Sarah asks the servant, Furber, where the family is and he explains their various locations. It immediately becomes obvious that Charles has a satirical sense of humour, which Sarah enjoys trying to quell.

CHARLES: I suppose this is a slightly momentous day in the lives of the Whittakers.
SARAH: Very momentous.
CHARLES: Is your heart wrung with emotion?
SARAH: Don’t be a beast, Charles.

Presumably this is all played for laughs. Sarah explains to him that she and John were never officially engaged and she’s had 3 months to get over the news of being dumped. In fact she genuinely finds the whole thing funny and predicts how funny it will be to observe starchy old Mrs Whittaker’s reaction.

Hilda comes pelting downstairs, greets Sarah, says it’s all too howlingly exciting and insists on dragging her out to the garage because a) she’s got to tell the chauffeur something and b) she can fill Sarah in on all the juicy details on the way.

This is all done to leave Charles alone and feeling embarrassed, doubly so when Larita comes down the stairs. The scene is arranged like this because after some embarrassing small talk they discover that they’ve got a mutual friend in Paris, Cecile de Vriaac, and this opens the floodgates. Larita realises Cecile has shown her photographs which included Charles, they have numerous other friends in common, and they open the latest edition of Tatler which is lying about in the hall, and start swapping the gossip about all their posh pals and their relationships.

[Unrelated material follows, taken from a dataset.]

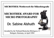 Dr. Alshuth 's passion for the ocean is reflected in her photos that now number over 140,000. Her photographs have been published in a variety of international and German magazines, various professional websites and her online marine science course textbooks. She continues to use her photo and video collections from land and underwater expeditions in her graduate and undergraduate course presentations and her online course development. Dr. Alshuth was awarded in 1996, 1988 and 1994 with the Microscopic Photography Award by the German Microscopic Society. In 2009 she received the first prize award for her underwater photography by KonTiki Resort, and in 2012 and 2013 two photography awards by Insel Airlines for her reef photography.

Returning to the subject of John, she is able to speak freely to someone her own age and tells Charles she was attracted by John’s youth and ingenuousness. Doesn’t sound like a long-lasting basis for a marriage, does it?

At which point Mrs W, Marion and John come downstairs. Mrs W is even more mortified to discover another stranger in the house (Charles) and getting on like a house on fire with the resented daughter-in-law, Larita. Then Hilda and Sara re-enter. Everyone shakes hands and Furber announces that lunch is served.

Act 2

Three months later, summer. Larita is lazing on the sofa smoking and pretending to read. Mrs Whittaker enters and asks her why she isn’t playing tennis with everyone else. It’s clear they have arrived at a frosty detente. Mrs W is fretting about the big dance she’s organising for tonight (I’m guessing this will be the setting for Act 3 and various revelations!).

MRS WHITTAKER: I’m quite used to all responsibilities of this sort falling on to my shoulders. The children are always utterly inconsiderate. Thank Heaven, I have a talent for organization.[She goes out with a martyred expression.]

John rushes in to fetch a sweater for tennis, he’s playing a match with her. Larita asks him to fetch her a fur coast since she’s cold. No wonder, if you lay around all day indoors. When he’s gone we see that Larita is crying. She is very unhappy.

The Colonel comes in, observes this, and tries to cheer her up by playing a game of bézique farcically badly. She admits that she’s excruciatingly bored. He sympathises and says why doesn’t she suggest to John that they move up to London. Suddenly she bursts out that the whole thing has been a complete failure and runs out. The Colonel lights a cigarette.

Marion comes in fussing about the lanterns they’re setting up for the dance. She notices Larita was reading a book by Proust and calls it ‘silly muck’. There’s a little reprise of the sex theme started in Coward’s description of Mrs W as sexually uptight. Marion, remember, is an earnest Christian, I think a Catholic.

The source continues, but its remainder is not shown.